AbstractColloid transport and retention in porous media is a common phenomenon in both nature and industry. However, many questions remain on how to obtain colloid transport and retention parameters. Previous work usually assumed constant transport parameters in a medium under a given physicochemical condition. In this study, pore‐network modeling is employed to upscale colloid transport and retention from the pore‐scale to the macro‐scale. The pore‐scale transport parameters including the collection efficiency (η), the sticking efficiency (α), and the fraction of the solid‐water interface that contributes to the colloid attachment (Sf) are obtained using numerical simulation and probability analysis for each pore throat. The influence of roughness and charge heterogeneity on the distribution of pore‐scale parameters is discussed. Breakthrough curves and the retention profiles under different roughness and charge heterogeneity conditions are also analyzed. Results show that pore‐scale parameters η, α, and Sf have various distributions in porous media that may not be accurately described using single‐valued effective parameters.
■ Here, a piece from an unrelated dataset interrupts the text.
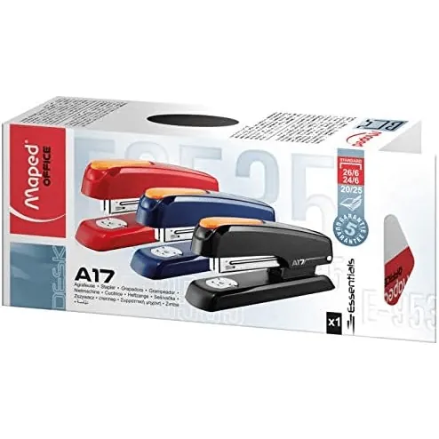 Este grampeador de mesa da Maped combina funcionalidade, qualidade e resistência. Possui estrutura em aço polido, acabamento em plástico e apoios emborrachados que proporcionam conforto durante o manuseio.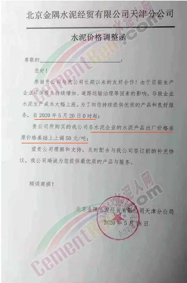 北京金隅水泥經貿有限公司天津分公司通知,由于目前生產企業(yè)環(huán)保投入持續(xù)增加、道路運輸治理等因素的影響,導致企業(yè)水泥生產成本大幅上漲。自5月20日零時起水泥出廠價在原價格基礎上上調50元/噸。

The value of η decreases with velocity and exhibits a wide distribution under low‐velocity conditions. The parameter α tends to decrease with the colloid size and the pore water velocity and increased with the charge heterogeneity fraction. Nanoscale roughness alters α in a non‐monotonic fashion but tends to increase for lower roughness fractions and zeta potential. Microscopic roughness increases values of α for colloids that would otherwise be susceptible to hydrodynamic removal. Breakthrough curves and retention profiles show that more retention occurs for smaller particles, which reflects the influence of blocking.